Innovative end of life transport service shortlisted for national award

Recognition of 'compassionate patient care'

A dedicated transport service introduced by North East Ambulance Service to take dying patients to their preferred place to die has been shortlisted for a national award.

The End of Life Transport scheme gives terminally ill patients the option to be transported by ambulance with a specially trained crew to their preferred place to die within the region.

The initiative, which is the first in the North East, helps patients plan where they want to end their life and ensures they get there in the most caring and comfortable way possible - reducing stress levels at a difficult time.

The service has transported more than 1700 patients to their chosen location since it was launched in October 2015.

The majority of these patients were picked up from hospital and taken home to die.

In recognition of its value to patients, and to the wider NHS, the service has been shortlisted in the Compassionate Patient Care category of the Health Service Journal awards.

For 35 years the HSJ Awards have recognised, celebrated, and promoted the finest achievements in NHS, and showcased them to the service’s most influential leaders, and have grown to become the most sought after accolade in British healthcare.

The shortlisted organisations will now complete presentations and interviews to a judging panel made up of senior and influential figures from the health sector before the awards are presented at a ceremony at Intercontinental O2 in London on 23 November.

NEAS Chief Operating Officer Paul Liversidge said: “We are incredibly proud of our end of life service, which we run with support from St John Ambulance crews.

“To be recognised on a national scale for having delivered pioneering services for people at the end of their life demonstrates the need for dedicated services like this.

“The challenges of managing NHS budgets and increasingly complex needs from the region’s population can unfortunately mean services such as this may not be as high a priority.

“However, both to get this service up and running and to keep it going, it has been a real team effort, and for that I would like to take this opportunity to thank everyone who has been involved in the process.

“Any opportunity to raise the profile of patients at the end of their life and the services needed to support them is invaluable.

“For those nearing the end of their life, it is incredibly important that they are in a place where they feel comfortable and cared for, surrounded by loved ones. Speed can be critical at this time and our scheme ensures patients are picked up within a timely manner to be taken to their chosen location.

“As well as helping patients think about and plan where they want to end their life, we can ensure they receive compassionate and appropriate care, minimising stress for both the patient and their family at a very difficult time.

“The impact of this service should not be underestimated and we have many stories showing what a positive difference it has made. On some occasions, where we have been able to, we have also been able to grant last requests for patients, such as one last trip to the beach, a church mass and one last visit to the Angel of the North.

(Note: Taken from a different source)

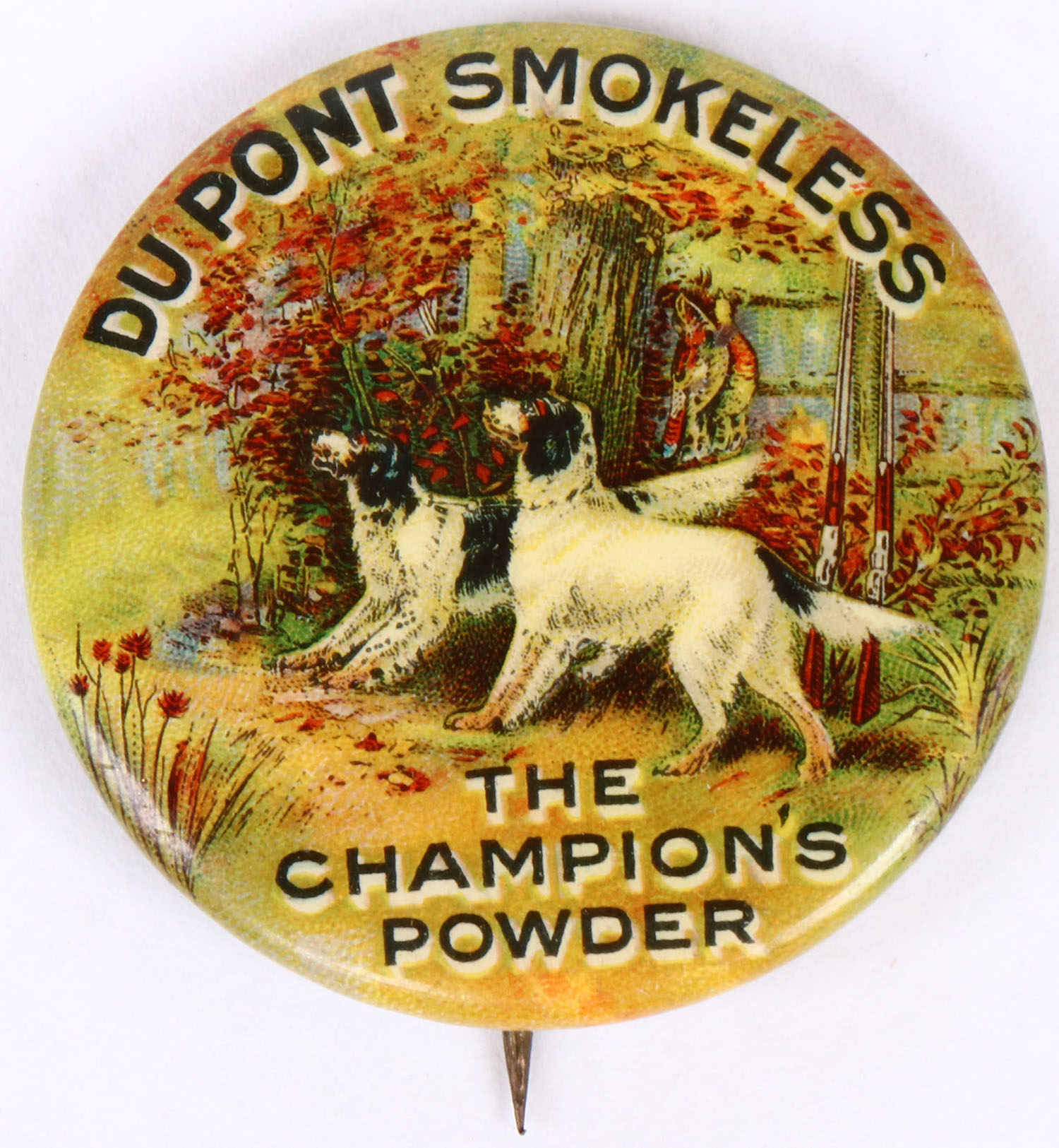 DuPont celluloid pinback, ''The Champion's Powder'', Whitehead & Hoag Co. paperback has minor age soiling, pin has great color. Grade: Excellent + - Value: 20 to 60

“I wish our team luck with their presentation and look forward to hearing the outcome in November.”

Alastair McLellan, Health Service Journal editor, said: "With the NHS experiencing a tough time as funding fails to keep up with demand, the HSJ Awards are once again the best reminder of the excellence the service is capable of.

“Taken together the entries to the HSJ Awards represent work which, directly or indirectly, has saved thousands of lives and enhanced many times that number."